On the contrary, it seems hardly consistent with the same proportion, that Venus, an inferior planet, and without any satellite, should be larger than our earth, a superior planet, and accompanied with so remarkable a satellite. Therefore, at a mean, supposing the earth’s semi-diameter, seen from the sun, or which is the same thing, the sun’s horizontal parallax, to be 12 seconds and a half, the moon will be less than Mercury, and the earth larger than Venus, and the sun’s distance from the earth come out nearly 16500 semi-diameters of the earth. I shall admit of this distance at present, till its precise quantity be made to appear more certain by the trial I propose; not regarding the authority of such as set the sun at an immensely greater distance, relying on the observations of a vibrating pendulum, which do not seem accurate enough to deter-mine such minute angles; at least, such as use this method will find the parallax sometimes none at all, and sometimes even negative; that is, the distance will become either infinite, or more than infinite, which is absurd. And it is scarcely possible for any one certainly to determine, by means of in-instruments, however nice, single seconds, or even 10 seconds; and therefore, it is not at all surprising, that the exceeding minuteness of such angles has hitherto baffled the many and ingenious attempts of artists.
While I was making my observations in the island of St. Helena, about 40 years since, on the stars round the south pole, I happened to observe, with the utmost care, Mercury passing over the sun’s disk: and contrary to expectation, I very accurately obtained, with a good 24-foot telescope, the very moment in which Mercury, entering the sun’s limb, seemed to touch it internally, as also that of his going off; forming an angle of internal contact.

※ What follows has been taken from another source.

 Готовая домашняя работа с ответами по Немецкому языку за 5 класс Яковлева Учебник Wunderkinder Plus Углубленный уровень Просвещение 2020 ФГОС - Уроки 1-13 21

Hence I discovered the precise quantity of time the whole body of Mercury had then appeared within the sun’s disk, and that without an error of one single second of time; for, the thread of solar light, intercepted between the obscure limb of the planet, and the bright limb of the sun, though exceedingly slender, affected my sight, and in the twinkling of an eye, both the indenture made on the sun’s limb by Mercury entering into it, vanished, and that made by his going off, appeared. On observing this I immediately concluded, that the sun’s parallax might be duly determined by such observations, if Mercury, being nearer the earth, had a greater parallax, when seen from the sun; for, this difference of parallaxes is so very inconsiderable, as to be always less than the sun’s parallax, which is sought; consequently, though Mercury is to be frequently seen within the sun’s disk; he will scarcely be fit for the present purpose.

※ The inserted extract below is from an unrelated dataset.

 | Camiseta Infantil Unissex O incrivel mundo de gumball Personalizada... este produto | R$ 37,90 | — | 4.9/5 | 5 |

There remains therefore Venus’s transit over the sun’s disk, whose parallax, being almost 4 times greater than that of the sun, will cause very sensible differences between the times in which Venus shall seem to pass over the sun’s disk in different parts of our earth. From these differences, duly observed, the sun’s parallax may be determined, even to a small part of a second of time; and that without any other instruments than telescopes and good common clocks, and without any other qualifications in the observer than fidelity and diligence, with a little skill in astronomy. For we need not be scrupulous in finding the latitude of the place, or in accurately determining the hours with respect to the meridian; it is sufficient, if the times be reckoned by clocks, truly corrected according to the revolutions of the heavens, from the total ingress of Venus on the sun’s disk, to the beginning of her egress from it, when her opaque globe begins to touch the bright limb of the sun; which times, as I found by experience, may be observed even to a single second of time.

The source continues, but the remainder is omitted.